Por Ney Anderson

A editora Suma de Letras tem publicado vários livros do escritor americano Stephen King no Brasil. Algumas obras fora de catálogo do autor também estão sendo relançadas pela editora, principalmente os romances com status de clássico. Uma prova disso foi o lançamento recente de Misery – Louca Obsessão, um romance emblemático da carreira do escritor, lançado em 1987, que já estava esgotado há um bom tempo. O livro é um suspense clássico, virou filme em 1990 e deu o Oscar de Melhor Atriz para Kathy Bates. É a história do personagem Paul Sheldon, um famoso escritor de best-sellers, que sofre um acidente de carro durante uma nevasca e é resgatado por Annie Wilkes, um mulher que se diz a fã número dele, e o leva para uma casa no meio das montanhas, sem informar nada para ninguém. Até aí tudo bem, nada demais. Mas o livro foi escrito por uma das mentes mais criativas quando o assunto é terror, medo, tortura e as demais variações perversas que povoam o universo literário do autor norte-americano, por isso a normalidade dessa pequena introdução é apenas o começo de uma trama doentia e arrepiante.

Nova edição de Misery
Nova edição de Misery, Louca Obsessão

Annie Wilkes é uma dessas pessoas aparentemente normais, mas que cometem absurdos por justificativas pífias, onde a única classificação possível talvez seja chamá-la de psicopata ou algo do tipo.  Paul Sheldon é resgatado por essa “fã número um”, como ela faz questão de falar, e sofre horrores nas mãos dela, justamente por uma coisa aparentemente banal. Annie teve acesso aos originais do último romance de Paul com a personagem Misery, que estavam no carro na hora do acidente, e descobre que a heroína morre no final do livro, acabando definitivamente com a série de livros sobre essa personagem. Só isso basta para causar a fúria de Annie, que obriga Paul a escrever um novo livro, com Misery escapando da morte. Machado, faca e maçarico são alguns objetos de convencimento para que o autor produza essa nova obra. O livro, lógico, é carregado de bastante tensão.

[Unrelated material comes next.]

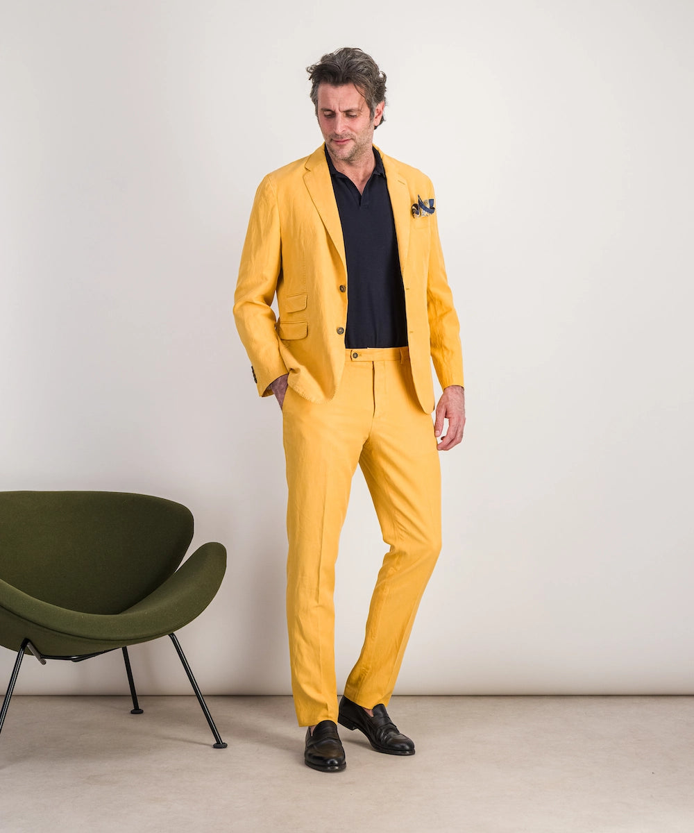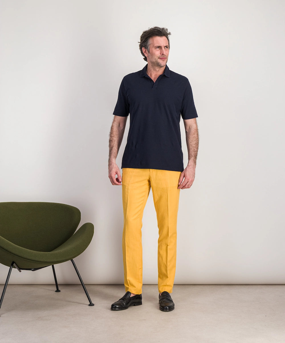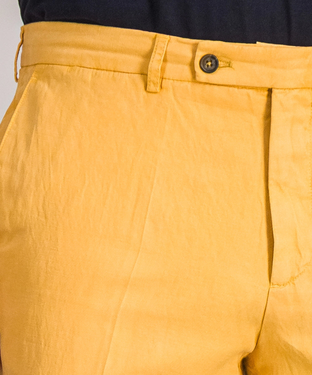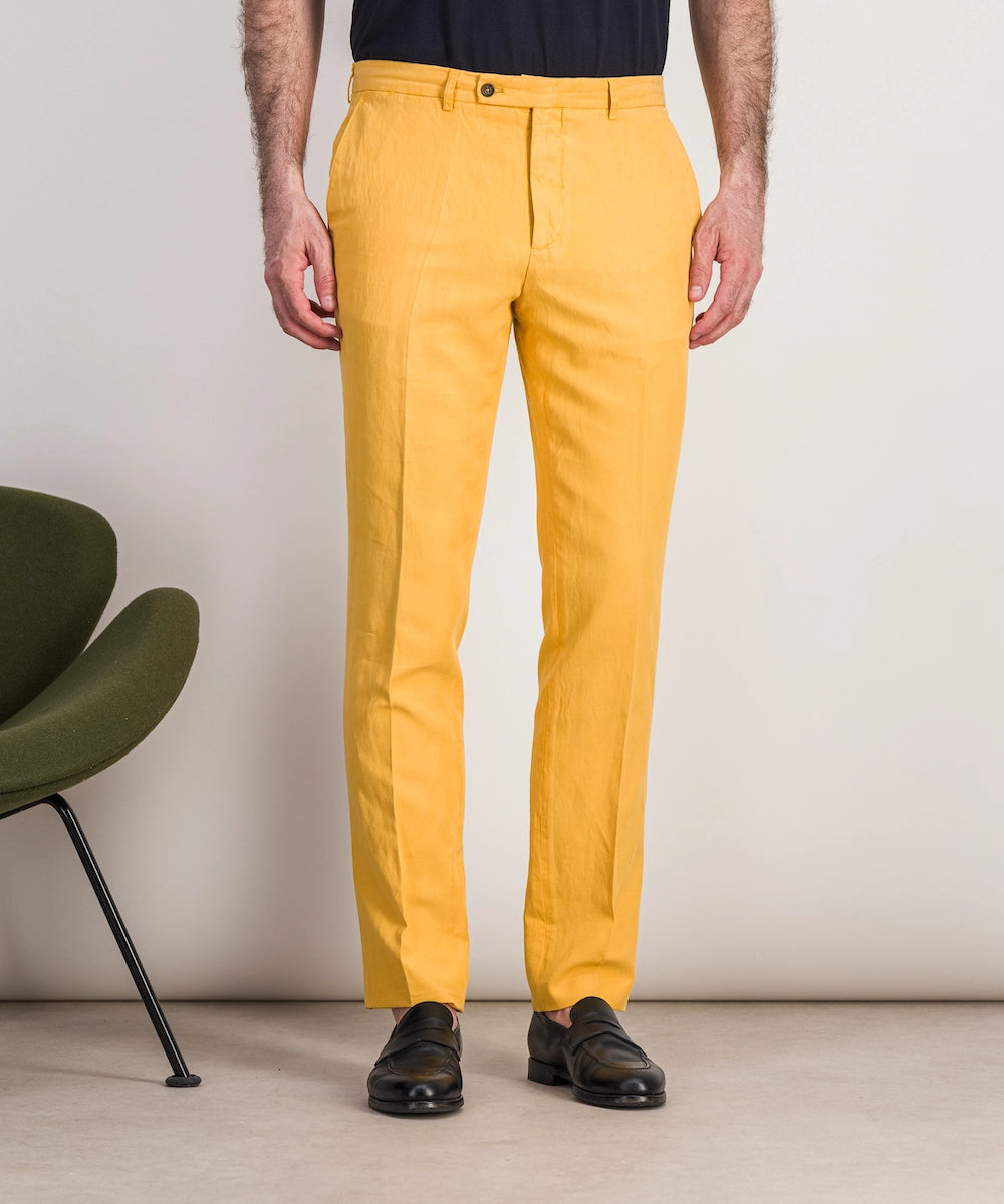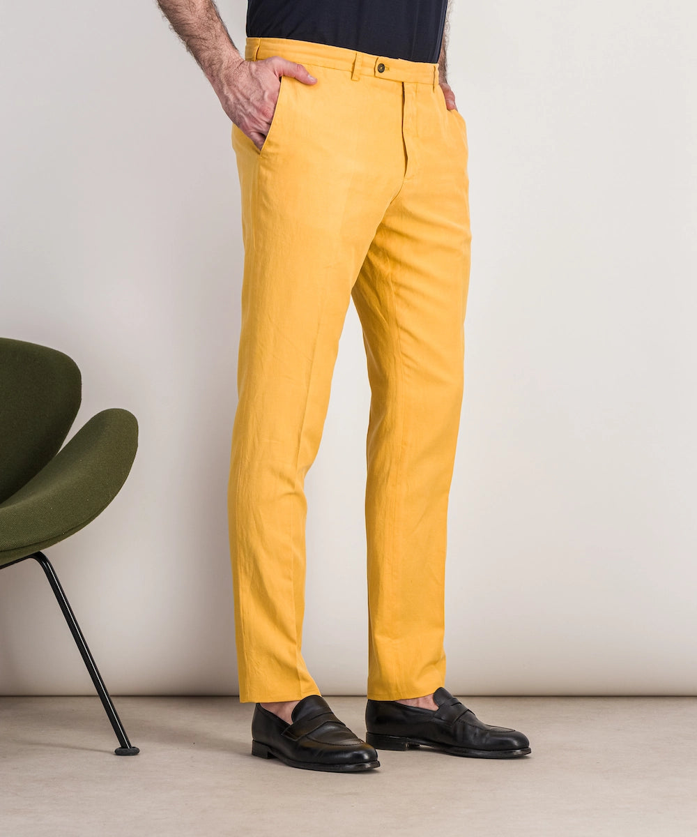 Pantalon décontracté en toile de coupe moderne, sans pinces. 59% lyocell, 23% lin, 18% coton. Tailles du 44 au 52. Coloris : jaune.

Na trama aparecem várias vozes entrecruzadas, que por vezes podem atrapalhar a leitura, também por ser explicativo demais em algumas partes. Mas King conseguiu criar um livro cujo terror vai aumentando aos poucos, em doses homeopáticas. Mesmo sendo um livro com um perfil comercial, que não é alta literatura, se percebe um extremo domínio técnico, pois tudo é executado de tal forma para não apenas criar um ambiente de medo, trabalhando principalmente a ideia de causa e efeito, e várias questões existenciais dos personagens. Vamos acompanhando o processo criativo do livro que está sendo escrito de forma forçada sob uma pressão enorme, torcendo para que ele saia verossímil, sem trapaças, como cobra Anne Wilkes. A escrita desse livro pode ser entendida como uma crítica velada ao  famoso bloqueio criativo ou até mesmo a famosa inspiração, que sempre estão nas rodas de debate quando o assunto é a produção ficcional.  Essa questão puramente literária nos livros de Stephen King é apenas uma das várias obsessões que ele tem, são vários romances com personagens escritores, tão em moda na literatura contemporânea, talvez nem um outro autor trabalhe tão bem essas questões, através dos temas que King explora.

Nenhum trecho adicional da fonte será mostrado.